Early Miocene subduction in the western Mediterranean: Constraints from Rb-Sr multimineral isochron geochronology

The Betic Cordillera of southern Spain is a complex orogen formed in the context of convergence between Africa and Iberia from the Mesozoic to the present. The internal zone of the orogen includes three tectonic complexes, two of which have been subducted to high-pressure conditions, then exhumed back to the surface during subsequent extension. Subduction in the structurally lower complex, known as the Nevado-Filabride Complex (NFC), has been a topic of debate for several years due to conflicting geochronological data. Here we use multimineral isochron 87Rb/86Sr dating on carefully selected mineral samples from high-pressure metamorphic rocks in the NFC to better constrain the timing of high-pressure metamorphism and subduction in the region. Out of five samples analyzed, statistically valid multimineral isochrons were obtained for one eclogite and two schists, yielding ages of 20.1 ± 1.1, 16.0 ± 0.3, and 13.3 ± 1.3 Ma, respectively.

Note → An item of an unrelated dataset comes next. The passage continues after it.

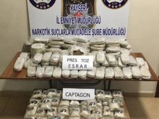 Ekiplerin Malatya- Kayseri karayolunda düzenlediği operasyonda, durdurulan otomobilde arama yapıldı. Aracın arka tampon, ön silecek ve yedek lastik kısmına gizlenmiş 46 kilo 300 gram toz esrar ve 43 bin 900 captagon hap ele geçirildi. Araçtaki A.H.(46) ve R.D. (18) ise gözaltına alındı. İki şüpheli, sorgulanmak üzere Emniyet Müdürlüğü'ne götürüldü.

Despite that the other two eclogite samples appeared to preserve prograde mineral assemblages, low 87Rb/86Sr ratios in white mica precluded precise age calculations. These new ages are in close agreement with previously published Lu-Hf ages on garnet and U-Pb ages on metamorphic zircon overgrowths for the same rocks, but are substantially younger than published data from the 40Ar/39Ar technique. Combined with recently published tomographic images of slab structure beneath the Alboran Sea, the new ages support a tectonic model in which subduction occurred both prior to the Miocene and during the early to mid-Miocene, but that it was punctuated in time by a pulse of extensional exhumation in the early Miocene associated with lithospheric delamination and/or slab tearing.